Exercise goal ▸ Print the lines that run from the line with "ファンタジー風あだ名 | 『エターナルタイヘイヨウー』 |" to the line with "The garage can", keeping both end lines, exactly as they appear in the entries below, and nothing else.
[Supplied records — start]
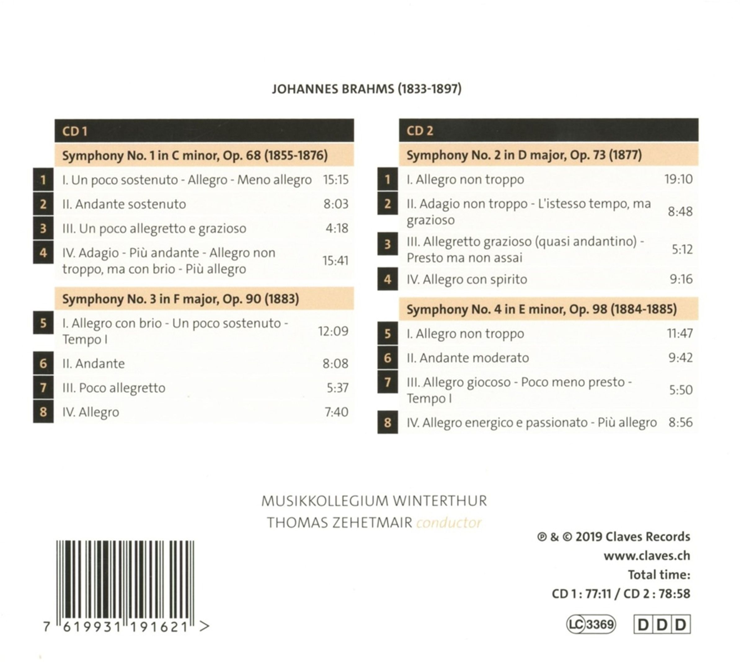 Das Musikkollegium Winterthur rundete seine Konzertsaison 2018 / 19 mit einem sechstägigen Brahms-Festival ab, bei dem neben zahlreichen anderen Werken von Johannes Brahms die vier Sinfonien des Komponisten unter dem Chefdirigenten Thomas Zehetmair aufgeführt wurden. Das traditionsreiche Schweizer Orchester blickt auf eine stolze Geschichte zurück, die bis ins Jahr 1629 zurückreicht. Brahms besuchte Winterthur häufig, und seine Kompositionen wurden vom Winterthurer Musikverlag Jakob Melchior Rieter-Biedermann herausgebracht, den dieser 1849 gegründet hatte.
[Supplied records — finish]
[Supplied records — start]
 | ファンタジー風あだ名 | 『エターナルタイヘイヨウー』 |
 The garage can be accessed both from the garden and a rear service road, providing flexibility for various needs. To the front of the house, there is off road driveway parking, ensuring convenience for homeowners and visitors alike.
[Supplied records — finish]
[Supplied records — start]
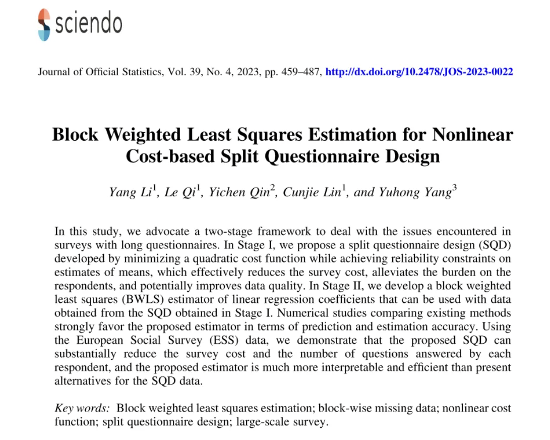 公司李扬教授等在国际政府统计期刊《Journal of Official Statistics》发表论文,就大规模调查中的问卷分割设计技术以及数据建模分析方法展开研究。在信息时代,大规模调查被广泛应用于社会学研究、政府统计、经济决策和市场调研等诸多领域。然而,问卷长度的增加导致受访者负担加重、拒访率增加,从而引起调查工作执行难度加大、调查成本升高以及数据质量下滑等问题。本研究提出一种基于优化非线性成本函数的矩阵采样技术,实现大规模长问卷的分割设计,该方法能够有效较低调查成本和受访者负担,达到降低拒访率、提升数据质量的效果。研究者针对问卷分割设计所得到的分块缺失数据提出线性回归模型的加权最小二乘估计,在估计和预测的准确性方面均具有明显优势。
[Supplied records — finish]
Output for this exercise ▸
 | ファンタジー風あだ名 | 『エターナルタイヘイヨウー』 |
 The garage can be accessed both from the garden and a rear service road, providing flexibility for various needs. To the front of the house, there is off road driveway parking, ensuring convenience for homeowners and visitors alike.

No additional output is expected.